As the U.S. struggles to control health care costs, it is important to understand how the American public thinks about these issues. What arguments about evidence-based treatment guidelines does the public find most and least convincing? In 2009, Alan Gerber (Yale University), David Doherty (Loyola University Chicago) and Conor Dowling (University of Mississippi) and I performed a national survey of 1,026 respondents to investigate this question.

Our survey found some public support for the main arguments that experts give for using research-based guidelines. Nearly two-thirds of survey respondents were somewhat or very convinced that economic incentives might cause doctors to give patients unnecessary care or the wrong care. In addition, a little more than half were somewhat or very convinced that doctors can lose touch with the latest research and that they follow local standards of care and therefore may be unaware of better treatments being used elsewhere. However, no more than 20 percent of respondents found these arguments to be very convincing.

In general, respondents found the arguments against guidelines more convincing. More than eight in ten were convinced that guidelines would prevent doctors from tailoring care to the needs of individual patients and that no outside group should come between doctors and patients in making treatment decisions.

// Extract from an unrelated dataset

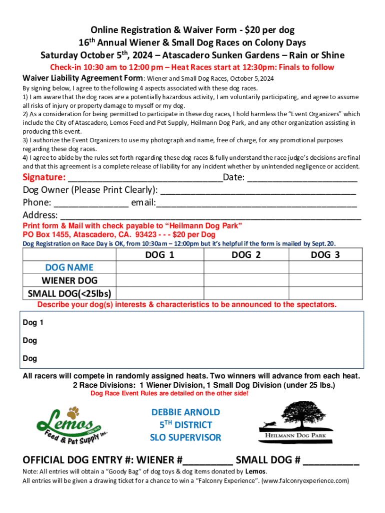 This form is for registering dogs to participate in the 16th Annual Wiener & Small Dog Races occurring on October 5, 2024. It includes a waiver liability agreement and details about the event.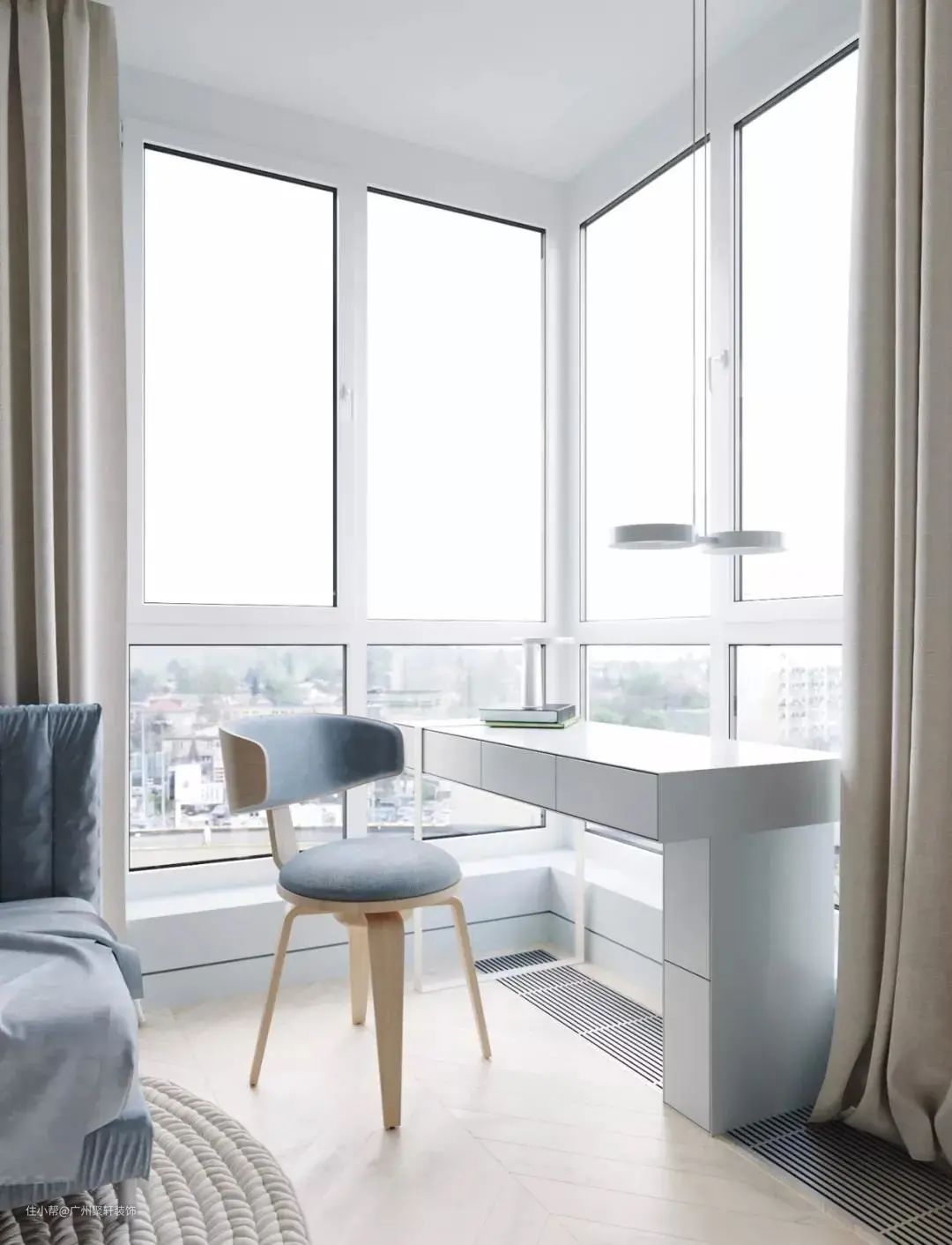窗台的空间直接设计书桌台或者休闲飘窗,可以在学累的时候看看外边的景色,缓解视觉的疲劳。

More than seven in ten believed that guidelines would be used to ration care, are vulnerable to abuse, and would not keep pace with medical innovation. The proportion of respondents finding each of these arguments to be very convincing ranged from 29 percent to 51 percent. Among subgroups, Republicans and seniors were most wary about guidelines.

Proponents of evidence-based medicine will need to address these concerns before treatment guidelines can win broad acceptance among ordinary Americans.